'''

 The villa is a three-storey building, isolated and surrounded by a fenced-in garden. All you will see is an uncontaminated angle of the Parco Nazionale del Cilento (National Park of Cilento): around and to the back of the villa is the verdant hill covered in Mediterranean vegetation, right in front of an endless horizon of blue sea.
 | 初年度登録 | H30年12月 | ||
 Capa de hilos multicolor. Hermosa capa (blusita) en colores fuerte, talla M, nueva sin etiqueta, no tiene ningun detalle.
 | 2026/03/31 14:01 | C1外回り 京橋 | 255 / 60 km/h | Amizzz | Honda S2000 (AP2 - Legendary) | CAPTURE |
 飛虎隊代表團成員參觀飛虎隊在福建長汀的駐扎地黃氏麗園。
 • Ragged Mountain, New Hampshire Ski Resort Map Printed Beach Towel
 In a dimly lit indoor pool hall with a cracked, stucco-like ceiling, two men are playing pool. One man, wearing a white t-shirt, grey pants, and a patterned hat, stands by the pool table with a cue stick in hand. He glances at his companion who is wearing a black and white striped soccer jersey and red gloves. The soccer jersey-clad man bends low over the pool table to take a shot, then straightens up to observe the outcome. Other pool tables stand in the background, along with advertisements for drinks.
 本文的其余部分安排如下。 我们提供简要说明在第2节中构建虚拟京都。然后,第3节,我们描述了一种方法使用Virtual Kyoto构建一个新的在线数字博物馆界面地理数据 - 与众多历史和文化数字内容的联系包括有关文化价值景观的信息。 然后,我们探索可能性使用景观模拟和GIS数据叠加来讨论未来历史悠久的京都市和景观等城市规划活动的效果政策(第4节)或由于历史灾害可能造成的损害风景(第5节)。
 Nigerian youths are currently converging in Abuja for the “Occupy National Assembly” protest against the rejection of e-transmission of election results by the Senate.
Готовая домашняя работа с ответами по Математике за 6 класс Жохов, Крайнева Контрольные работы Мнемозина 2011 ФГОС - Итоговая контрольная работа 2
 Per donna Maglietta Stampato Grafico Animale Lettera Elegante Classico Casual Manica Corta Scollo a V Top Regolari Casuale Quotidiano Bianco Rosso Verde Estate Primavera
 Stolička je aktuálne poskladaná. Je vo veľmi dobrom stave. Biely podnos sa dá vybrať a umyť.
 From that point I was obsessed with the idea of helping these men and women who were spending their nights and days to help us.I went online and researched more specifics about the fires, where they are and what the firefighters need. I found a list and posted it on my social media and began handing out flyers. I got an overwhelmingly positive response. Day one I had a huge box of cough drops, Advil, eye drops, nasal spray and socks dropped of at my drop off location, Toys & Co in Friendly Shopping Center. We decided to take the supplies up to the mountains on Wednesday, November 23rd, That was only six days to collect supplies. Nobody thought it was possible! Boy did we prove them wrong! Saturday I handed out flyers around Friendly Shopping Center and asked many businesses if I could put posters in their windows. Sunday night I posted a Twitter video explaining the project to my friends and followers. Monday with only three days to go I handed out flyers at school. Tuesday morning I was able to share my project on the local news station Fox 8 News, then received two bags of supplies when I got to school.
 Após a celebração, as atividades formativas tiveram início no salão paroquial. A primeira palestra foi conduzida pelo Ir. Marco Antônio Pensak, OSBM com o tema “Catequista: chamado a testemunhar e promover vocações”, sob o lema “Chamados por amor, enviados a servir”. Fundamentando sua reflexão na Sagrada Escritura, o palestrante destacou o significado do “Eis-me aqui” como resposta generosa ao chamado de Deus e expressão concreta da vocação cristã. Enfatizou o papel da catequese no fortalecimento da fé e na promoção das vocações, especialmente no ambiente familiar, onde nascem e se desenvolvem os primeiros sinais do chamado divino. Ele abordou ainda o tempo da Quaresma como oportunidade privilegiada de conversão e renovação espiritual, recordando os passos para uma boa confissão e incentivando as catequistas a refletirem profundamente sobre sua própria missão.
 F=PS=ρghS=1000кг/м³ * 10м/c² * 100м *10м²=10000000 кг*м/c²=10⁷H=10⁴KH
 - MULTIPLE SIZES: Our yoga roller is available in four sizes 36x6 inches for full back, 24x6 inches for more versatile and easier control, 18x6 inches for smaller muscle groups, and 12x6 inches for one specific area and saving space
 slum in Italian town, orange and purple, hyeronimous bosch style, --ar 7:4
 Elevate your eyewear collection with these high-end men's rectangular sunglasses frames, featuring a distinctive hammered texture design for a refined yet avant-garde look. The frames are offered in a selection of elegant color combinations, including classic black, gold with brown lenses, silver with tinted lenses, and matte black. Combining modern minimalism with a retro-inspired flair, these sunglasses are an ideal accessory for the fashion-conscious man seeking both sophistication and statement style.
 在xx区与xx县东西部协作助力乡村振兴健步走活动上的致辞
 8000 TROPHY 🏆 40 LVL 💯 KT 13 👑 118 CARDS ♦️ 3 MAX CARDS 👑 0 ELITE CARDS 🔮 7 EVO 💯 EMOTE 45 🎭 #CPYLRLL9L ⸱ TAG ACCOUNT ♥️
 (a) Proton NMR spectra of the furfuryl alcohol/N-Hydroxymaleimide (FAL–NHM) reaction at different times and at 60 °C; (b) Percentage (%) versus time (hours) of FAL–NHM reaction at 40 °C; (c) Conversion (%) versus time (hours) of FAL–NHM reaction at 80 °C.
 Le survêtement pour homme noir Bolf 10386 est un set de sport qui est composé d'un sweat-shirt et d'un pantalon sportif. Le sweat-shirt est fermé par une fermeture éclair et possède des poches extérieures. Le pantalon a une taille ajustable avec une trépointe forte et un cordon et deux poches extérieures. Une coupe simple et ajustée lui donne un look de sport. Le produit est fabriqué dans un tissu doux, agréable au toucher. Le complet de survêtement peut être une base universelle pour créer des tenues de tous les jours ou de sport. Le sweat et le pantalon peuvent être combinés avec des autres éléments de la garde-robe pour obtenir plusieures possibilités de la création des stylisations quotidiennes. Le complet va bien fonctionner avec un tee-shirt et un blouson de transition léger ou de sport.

'''

● **WORK INSTRUCTION**
Your task is to reproduce the entire listing exactly as it appears.

● **EXERCISE OUTPUT**
 The villa is a three-storey building, isolated and surrounded by a fenced-in garden. All you will see is an uncontaminated angle of the Parco Nazionale del Cilento (National Park of Cilento): around and to the back of the villa is the verdant hill covered in Mediterranean vegetation, right in front of an endless horizon of blue sea.
 | 初年度登録 | H30年12月 | ||
 Capa de hilos multicolor. Hermosa capa (blusita) en colores fuerte, talla M, nueva sin etiqueta, no tiene ningun detalle.
 | 2026/03/31 14:01 | C1外回り 京橋 | 255 / 60 km/h | Amizzz | Honda S2000 (AP2 - Legendary) | CAPTURE |
 飛虎隊代表團成員參觀飛虎隊在福建長汀的駐扎地黃氏麗園。
 • Ragged Mountain, New Hampshire Ski Resort Map Printed Beach Towel
 In a dimly lit indoor pool hall with a cracked, stucco-like ceiling, two men are playing pool. One man, wearing a white t-shirt, grey pants, and a patterned hat, stands by the pool table with a cue stick in hand. He glances at his companion who is wearing a black and white striped soccer jersey and red gloves. The soccer jersey-clad man bends low over the pool table to take a shot, then straightens up to observe the outcome. Other pool tables stand in the background, along with advertisements for drinks.
 本文的其余部分安排如下。 我们提供简要说明在第2节中构建虚拟京都。然后,第3节,我们描述了一种方法使用Virtual Kyoto构建一个新的在线数字博物馆界面地理数据 - 与众多历史和文化数字内容的联系包括有关文化价值景观的信息。 然后,我们探索可能性使用景观模拟和GIS数据叠加来讨论未来历史悠久的京都市和景观等城市规划活动的效果政策(第4节)或由于历史灾害可能造成的损害风景(第5节)。
 Nigerian youths are currently converging in Abuja for the “Occupy National Assembly” protest against the rejection of e-transmission of election results by the Senate.
Готовая домашняя работа с ответами по Математике за 6 класс Жохов, Крайнева Контрольные работы Мнемозина 2011 ФГОС - Итоговая контрольная работа 2
 Per donna Maglietta Stampato Grafico Animale Lettera Elegante Classico Casual Manica Corta Scollo a V Top Regolari Casuale Quotidiano Bianco Rosso Verde Estate Primavera
 Stolička je aktuálne poskladaná. Je vo veľmi dobrom stave. Biely podnos sa dá vybrať a umyť.
 From that point I was obsessed with the idea of helping these men and women who were spending their nights and days to help us.I went online and researched more specifics about the fires, where they are and what the firefighters need. I found a list and posted it on my social media and began handing out flyers. I got an overwhelmingly positive response. Day one I had a huge box of cough drops, Advil, eye drops, nasal spray and socks dropped of at my drop off location, Toys & Co in Friendly Shopping Center. We decided to take the supplies up to the mountains on Wednesday, November 23rd, That was only six days to collect supplies. Nobody thought it was possible! Boy did we prove them wrong! Saturday I handed out flyers around Friendly Shopping Center and asked many businesses if I could put posters in their windows. Sunday night I posted a Twitter video explaining the project to my friends and followers. Monday with only three days to go I handed out flyers at school. Tuesday morning I was able to share my project on the local news station Fox 8 News, then received two bags of supplies when I got to school.
 Após a celebração, as atividades formativas tiveram início no salão paroquial. A primeira palestra foi conduzida pelo Ir. Marco Antônio Pensak, OSBM com o tema “Catequista: chamado a testemunhar e promover vocações”, sob o lema “Chamados por amor, enviados a servir”. Fundamentando sua reflexão na Sagrada Escritura, o palestrante destacou o significado do “Eis-me aqui” como resposta generosa ao chamado de Deus e expressão concreta da vocação cristã. Enfatizou o papel da catequese no fortalecimento da fé e na promoção das vocações, especialmente no ambiente familiar, onde nascem e se desenvolvem os primeiros sinais do chamado divino. Ele abordou ainda o tempo da Quaresma como oportunidade privilegiada de conversão e renovação espiritual, recordando os passos para uma boa confissão e incentivando as catequistas a refletirem profundamente sobre sua própria missão.
 F=PS=ρghS=1000кг/м³ * 10м/c² * 100м *10м²=10000000 кг*м/c²=10⁷H=10⁴KH
 - MULTIPLE SIZES: Our yoga roller is available in four sizes 36x6 inches for full back, 24x6 inches for more versatile and easier control, 18x6 inches for smaller muscle groups, and 12x6 inches for one specific area and saving space
 slum in Italian town, orange and purple, hyeronimous bosch style, --ar 7:4
 Elevate your eyewear collection with these high-end men's rectangular sunglasses frames, featuring a distinctive hammered texture design for a refined yet avant-garde look. The frames are offered in a selection of elegant color combinations, including classic black, gold with brown lenses, silver with tinted lenses, and matte black. Combining modern minimalism with a retro-inspired flair, these sunglasses are an ideal accessory for the fashion-conscious man seeking both sophistication and statement style.
 在xx区与xx县东西部协作助力乡村振兴健步走活动上的致辞
 8000 TROPHY 🏆 40 LVL 💯 KT 13 👑 118 CARDS ♦️ 3 MAX CARDS 👑 0 ELITE CARDS 🔮 7 EVO 💯 EMOTE 45 🎭 #CPYLRLL9L ⸱ TAG ACCOUNT ♥️
 (a) Proton NMR spectra of the furfuryl alcohol/N-Hydroxymaleimide (FAL–NHM) reaction at different times and at 60 °C; (b) Percentage (%) versus time (hours) of FAL–NHM reaction at 40 °C; (c) Conversion (%) versus time (hours) of FAL–NHM reaction at 80 °C.
 Le survêtement pour homme noir Bolf 10386 est un set de sport qui est composé d'un sweat-shirt et d'un pantalon sportif. Le sweat-shirt est fermé par une fermeture éclair et possède des poches extérieures. Le pantalon a une taille ajustable avec une trépointe forte et un cordon et deux poches extérieures. Une coupe simple et ajustée lui donne un look de sport. Le produit est fabriqué dans un tissu doux, agréable au toucher. Le complet de survêtement peut être une base universelle pour créer des tenues de tous les jours ou de sport. Le sweat et le pantalon peuvent être combinés avec des autres éléments de la garde-robe pour obtenir plusieures possibilités de la création des stylisations quotidiennes. Le complet va bien fonctionner avec un tee-shirt et un blouson de transition léger ou de sport.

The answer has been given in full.